The whole issue of localization comes to a bottleneck because there seem to be a tag of war between developers of new terminologies and users of such terminologies. Terminologists are fast developing new terminologies when the users are not ready or willing to use them. In languages of business, terminologies easily flow in. But that leaves other languages with the task of generating new terminologies or risk dilution. However, localization when viewed from a positive angle, it is a way of preserving a language. It is well-known that languages from the West are mostly associated with economic influence and are little by little subduing other indigenous languages.

In this technological era, every language that wants to survive has to move with fashion. English is fast adapting. Words like mouse, server, breadcrumbs, web do not have same meanings as they used to before 1960s. Similarly, words like blog, facebook (verb), google (verb), tweet (verb) have just born now with the invention of technology. So what is all this noise I am trying to make? We still need translation for our languages to survive and also for the larger section of Malawians that do not understand English. But we need to adjust with time. The language should retain its originality without imposing unnecessary rigour to contemporary readers/writers.

1 comment:

  1. My personal take is that borrowing is excessive when you start replacing existing native terms.
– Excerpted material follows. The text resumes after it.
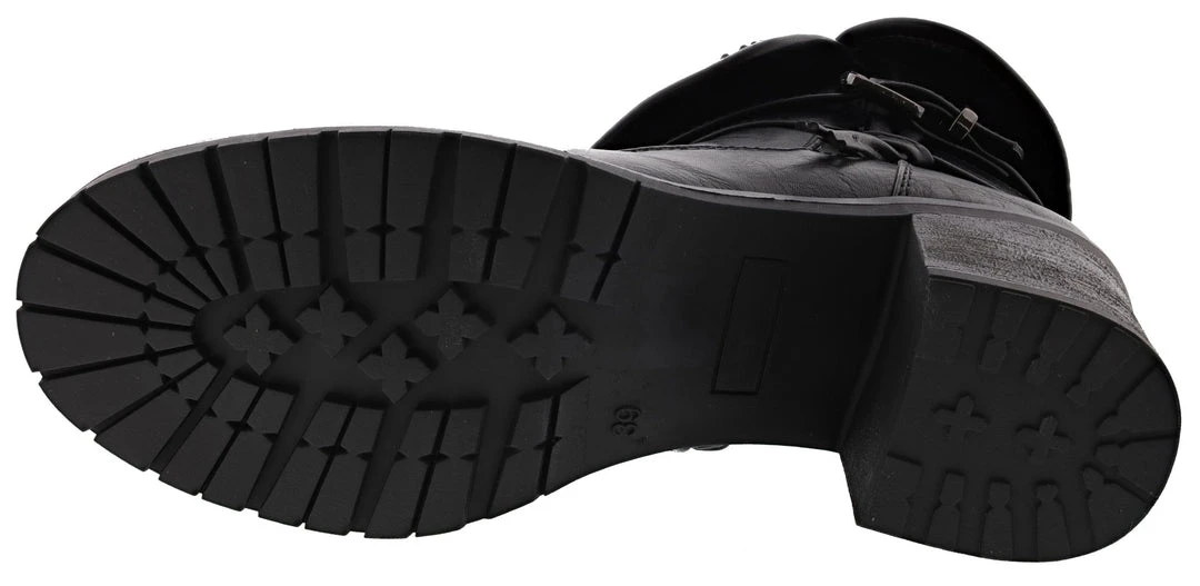 Patricia Steppe Side Zip Closure chunky heeled boots with a fold-down collar beautiful plaid and a crossed ankle strap. Adjustable buckle and studs on a loop knot on a black chunky heeled boots. Closure Buckle Zipper Comfort Flexible Sole Padded Insole Vegan Friendly.
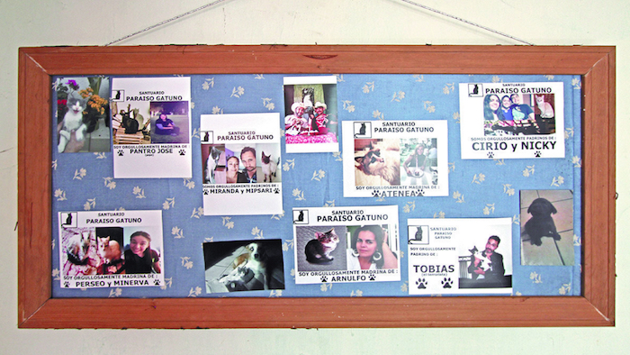 Carlos y Salvador suben a la página del “Santuario Paraíso Gatuno” el álbum con las fotografías de los gatos y la gente escoge: “yo quiero apadrinar a Gaspar y me comprometo con 50 pesos, con 100 pesos”. Y les ha funcionado muy bien, tienen buena respuesta.

    The official vs grassroots problem is interestingly complex and to a large extent language-specific I think. Official bodies in underfunded languages tend to be slow and reactive, rather than proactive. In the case of Gaelic, it has been pretty much a 1-2 person effort to streamline the (existing) confusion of terms (like half a dozen words for "import") and thrash out the rest. By now, it's becoming the de-facto "standard" (bearing in mind the problem of uptake in such a tiny language).

    I think in a language like Chichewa the "total" grassroots approach has a much better chance, at least if you can get enough people talking about technology in your language. Amongst a million people, someone WILL think of a really great word for "addon", so it's then just a question of picking up on it and codifying.
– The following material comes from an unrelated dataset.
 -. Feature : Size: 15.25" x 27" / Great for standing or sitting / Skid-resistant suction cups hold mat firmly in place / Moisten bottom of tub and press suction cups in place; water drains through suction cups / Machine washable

    Identifying such words is tricky of course. But you could use web tools to map the use of terminology - we have a tool to do the reverse, in a way but I guess you could use it to identify specific words. I'm not making much sense; but if you go to and enter a word, for example "gille" and then click on the blue underlined word, you get a Google map which displays users who know and use a word. In our case, we're trying to determine which lexical items are actually still in use and which are obsolete (we have the problem of too many people using old dictionaries). But you could use something like that to map use of technical terminology, no?